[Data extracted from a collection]
'''

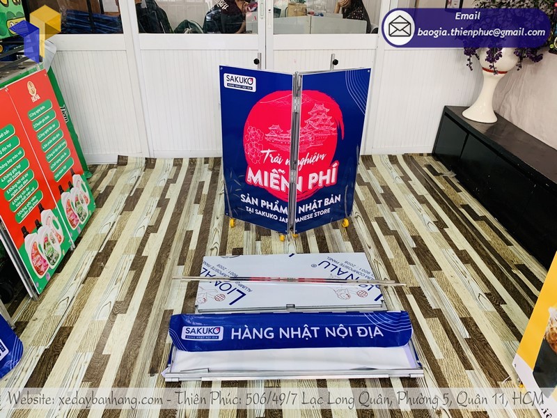 Khung xe lắp ráp bán hàng làm từ sắt vuông 20cm. Phía trong có 2 ngăn, 1 ngăn tôn và 1 ngăn sắt rỗng. Phần mái có thể làm logo bắn bạt hoặc mái bạt để tạo thêm bóng mát cho quầy. Tất cả các chi tiết sau khi gấp gọn sẽ nằm bên trong quầy để quầy trở nên gọn hơn khi di chuyển.
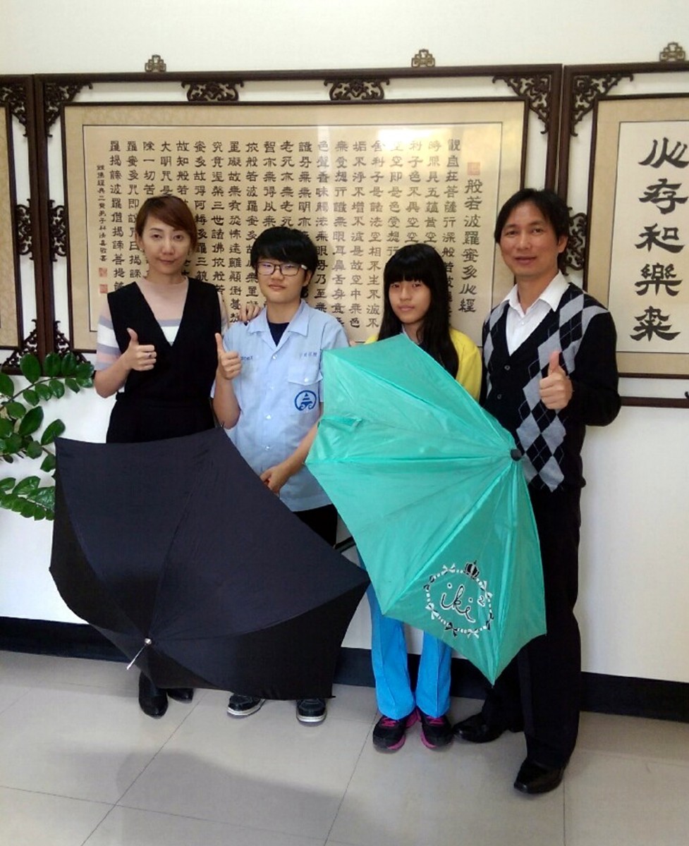 2年級的高子捷、張恬嘉同學的「可拆傘」,今年也榮獲「105年高雄市Maker創意作品類國中組第2名」,發想來自2人於放學時,雨季時常遇上滂沱大雨,但許多同學都會忘了帶傘,結果與同學共撐1把傘享受雨中浪漫,卻因此被淋成落湯雞。
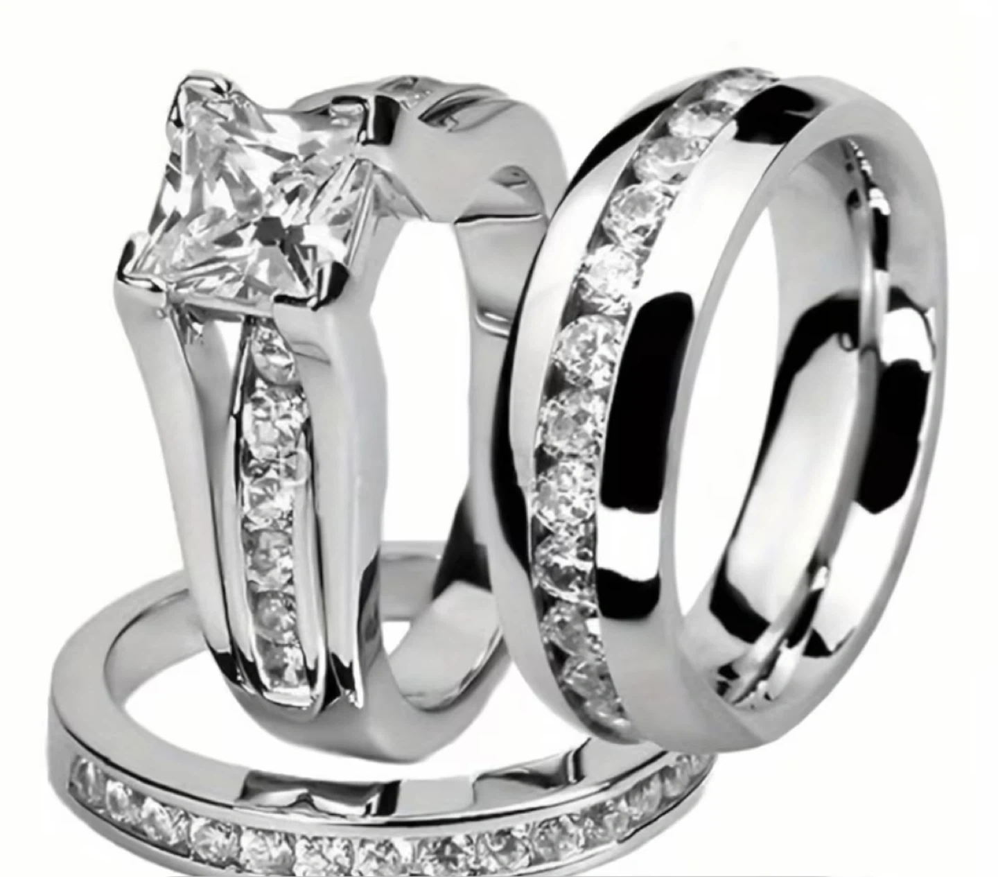 3pcs Elegant Couple Ring Set, Stainless Steel & Zinc Alloy with Zirconia Stones, Suitable for Wedding and Engagement.
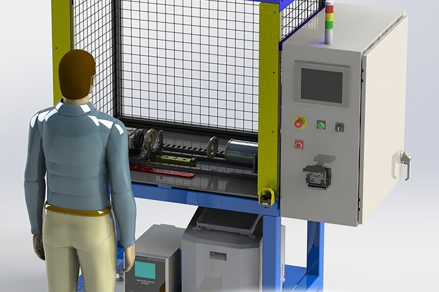 The Muffler Body Leak Tester features variable length presets, air pressure testing, and a digital interface.
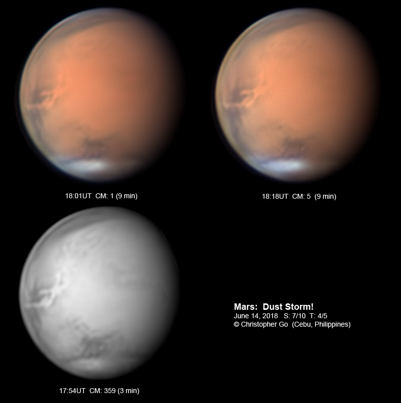 | June 14, 2018 The SW monsoon is at full swing here in Cebu. Seeing was very unstable. Weather has been so bad here that I had a late start with Mars. I was a bit perplexed when I saw Mars. I could hardly recognize it! The dust storm has covered Sinus Meridiani where the Mars Rover Opportunity is located. Unfortunately, NASA has lost contact with this rover. I hope the rover will survive this storm! This dust storm seems to be moving towards Chryse! Note the bright clouds over Mare Australe.
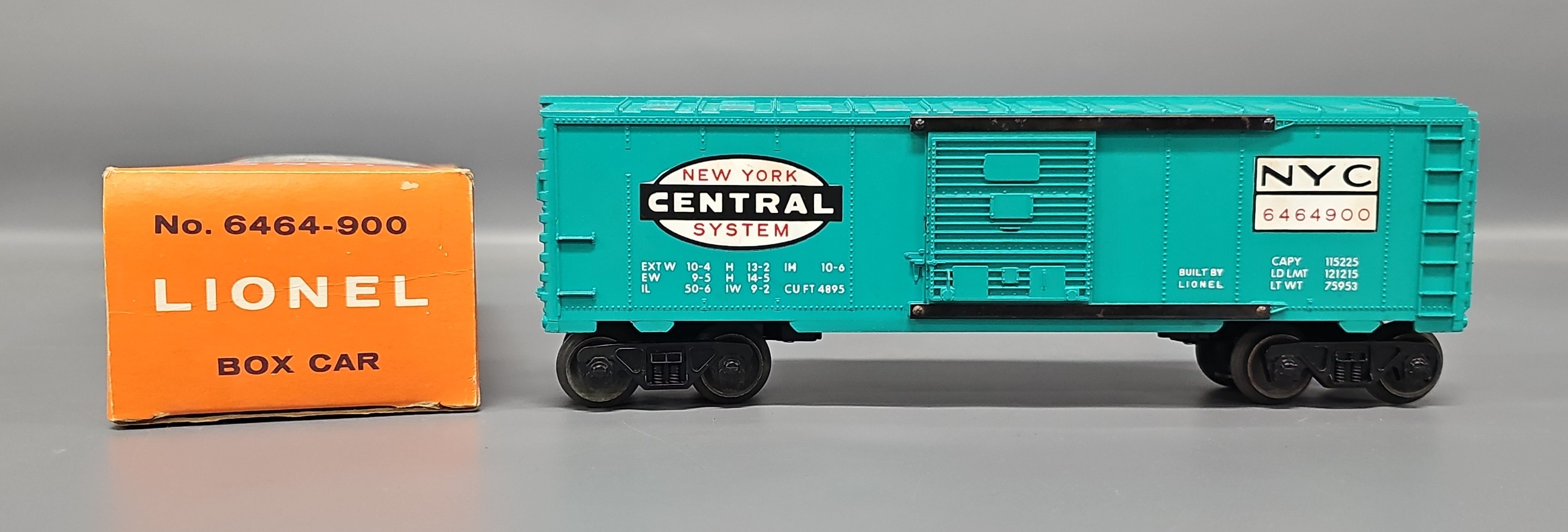 Unrun Lionel Postwar O type IV Jade Green 6464-900 New York Central Box Car in Original Box, C9-10 in a good original box that is missing
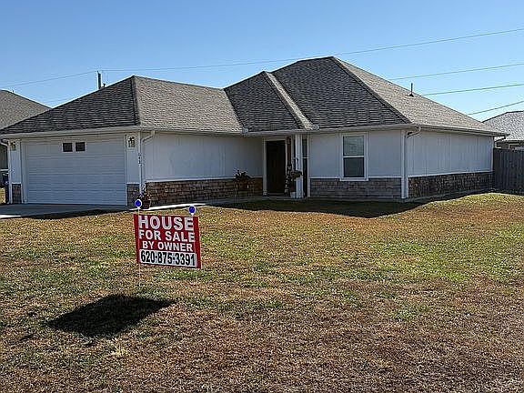 Welcome to your move-in ready ranch-style home nestled on the edge of town in the friendly community of Baxter Springs. Built in 2019, this near-new home offers modern features, low maintenance living, and a desirable layout.
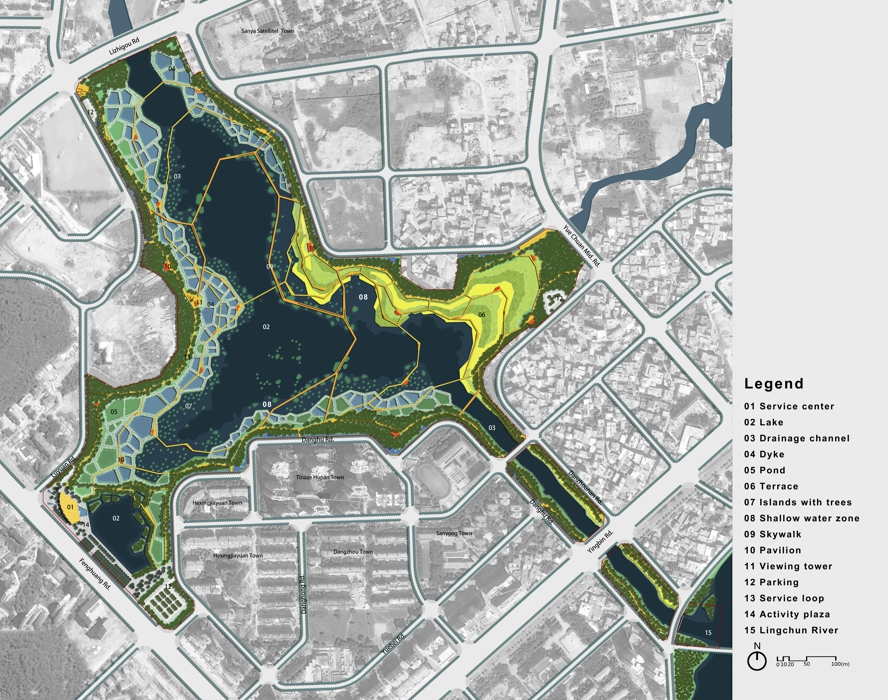In projects like the Sanya Dong'an Wetland Park, Turenscape merges natural hydrology with cultural interpretation, turning flood-prone coastlines into educational landscapes that honour both ecology and local maritime traditions.
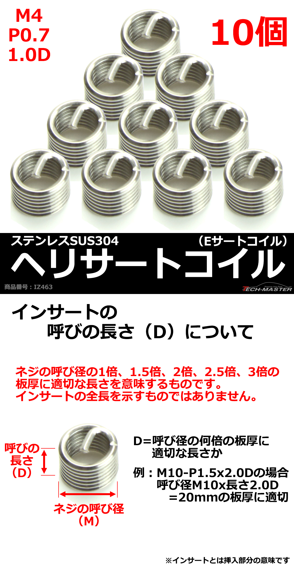 ヘリサートコイル (Eサートコイル) 数量:10個 対象ネジ:M4 P0.7 1.0D(詳細は画像を参照してください) |
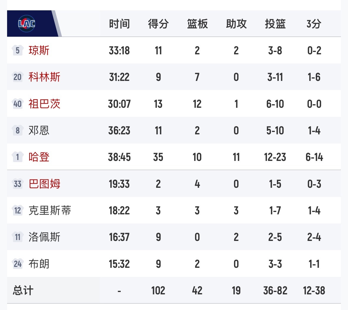 绝望!哈登出战39分钟,23投13中,三分14中6,空砍35分10板11助攻。
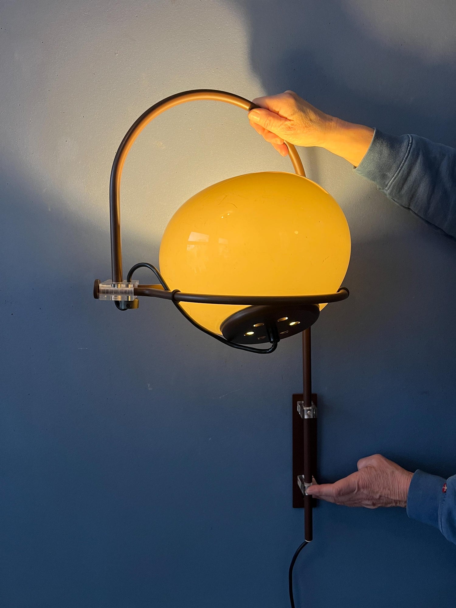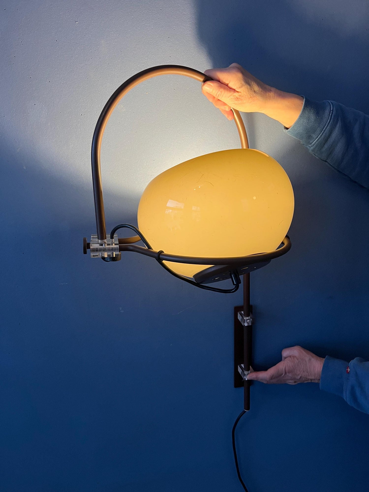 Classic Herda mushroom arc wall lamp with a brown frame. The mocca-coloured shade produces a warm light and can be turned in any direction desirable. The shade can move inside and outside the arc. The arc itself can move left and right from the wall bracket position. The lamp requires an E27 lightbulb and currently has an EU-plug.

'''

**What to do**
Would you restate, exactly and with no pictures, the lines of the entries above from the one containing "Unrun Lionel Postwar" through the one containing "In projects like"?

**Exercise result**
 Unrun Lionel Postwar O type IV Jade Green 6464-900 New York Central Box Car in Original Box, C9-10 in a good original box that is missing
 Welcome to your move-in ready ranch-style home nestled on the edge of town in the friendly community of Baxter Springs. Built in 2019, this near-new home offers modern features, low maintenance living, and a desirable layout.
In projects like the Sanya Dong'an Wetland Park, Turenscape merges natural hydrology with cultural interpretation, turning flood-prone coastlines into educational landscapes that honour both ecology and local maritime traditions.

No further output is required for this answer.